DE1-SoC: University Computer
Graphics, audio, IPC
Cornell ece5760

 

University Program DE1-SoC_Computer_15_1

test image This computer system includes support for ARM, Nios, video, audio, and many other items. I converted some code from bare-metal to Linux to run on the UP-Linux distribution. First test is to get VGA display running and test the writing speed. I did a minor reorganization of the 320x240 resolution address map file (do not use this for 640x480 video! see next example) and converted one C example to just run the VGA, and update 10,000 pixels as fast as possible.The update takes 1.8 mSec, so the effective pixel writing rate is about 5.5 million pixels/sec. The example also defines a line-drawing routine, but does NOT check pixel bounds. If you write outside the screen bounds, the program segfaults. The image to the left shows one update frame (at 320x340 resolution)..
random rectsThe code was modified to write random rectangles. The write-rate is too fast to see, but the colors are nice.
(at 320x340 resolution). Colors are 16 bit: top 5 bits red, middle 6 green, lower 5 blue.

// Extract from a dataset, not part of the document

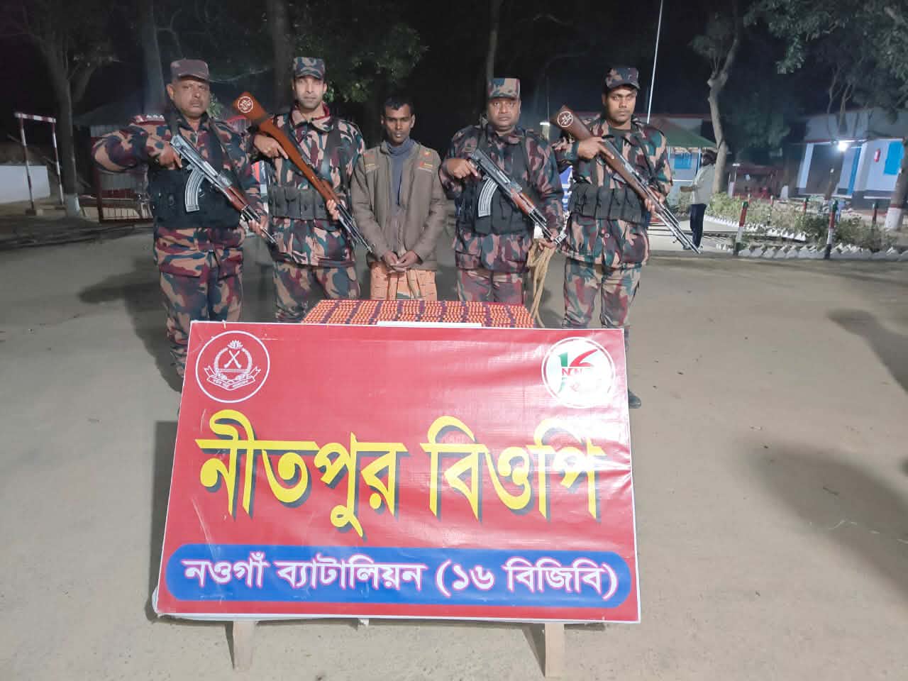 নওগাঁ ব্যাটালিয়ন (১৬ বিজিবি) কর্তৃক নওগাঁ জেলার পোরশা উপজেলার নিতপুর সীমান্তে ০১ জন চোরাকারবারীসহ বিপুল পরিমাণ ভারতীয় ট্যাপেন্টাডল ট্যাবলেট আটক করেছেন বিজিবি, ৫ জানুয়ারি আনুমানিক রাত ৯টার সময়। নওগাঁ জেলার পোরশা থানার অন্তর্গত অত্র ব্যাটালিয়নের অধীনস্থ নীতপুর বিওপির টহল কমান্ডার সুবেদার মোঃ মাহফুজুর রহমান এর নেতৃত্বে একটি বিশেষ টহল দল বটতলী রাঙ্গাপুকুর নামক স্থানে অভিযান পরিচালনা করে ১০৮০ পিস ভারতীয় ট্যাপেন্টাডল ট্যাবলেট, মোবাইল ০১ টি এবং ০২ টি সীম কার্ডসহ ০১ জন চোরাকারবারী মোঃ ইসরাফিল (২৪), পিতা-মোঃ বজলুর রহমান, গ্রাম-রাঙ্গাপুকুর, পোস্ট-কালাইবাড়ি, থানা-পোরশা, জেলা-নওগাঁ’কে আটক করতে সক্ষম হয়। আটককৃত আসামীর বিরুদ্ধে নওগাঁ জেলার পোরশা থানায় মামলা দায়ের পূর্বক মাদকদ্রব্য এবং অন্যান্য মালামালসহ পুলিশের নিকট হস্তান্তর করার কার্যক্রম প্রক্রিয়াধীন রয়েছে।

--Converting DE1-SoC_Computer_15_1 to 640x480, 8-bit color

640x480 The directions written by Shiva Rajagopal for Qsys 640x480 converstion worked for this system. (system ZIP) The span of the addresses in the virtual-to-real memory map had to be doubled. and, of course, the addressing and colors of pixels had to be modified in the main program. The size of the character buffer was not changed. The color encoding is now 8-bit with top 3 bits red, next 3 green, lower 2 bits blue.
VGA_line(0, 0, 320, 240, 0xe0) ; // red 3-bits
VGA_line(639, 0, 320, 240, 0x1c) ; // green 3-bits
VGA_line(639, 479, 320, 240, 0x03) ; // blue
2-bits
The design was very slow to generate (Qsys) and compile (Quartus). It took around an hour (on my 5 year old machine). Next step is to speed it up. Chopping out the Nios CPUs and some of the support, but leaving the video in/out and audio reduces the generate time to 5 minutes and the compile time to about 22 minutes. (archive). Stripping out the rest of the LED and switch i/o and removing the video-input funciton reduces the compile time to 18 minutes.

A better chopped down system keeps the LEDs, switches, 640x480 video out, and audio. The design is partitioned (Assigments>Design Partitions Window) so that the DE1-SoC computer is in its own partition. Two other partitions are top and the hex display modules. On my new computer (4 core, 32 GB memory, SSD, July 2016), this takes 12 minutes for a full compile. A small change to the hex display partition takes about 8.5 minutes to recompile. A small C code tests the hex display partition. (C code, address header, project ZIP).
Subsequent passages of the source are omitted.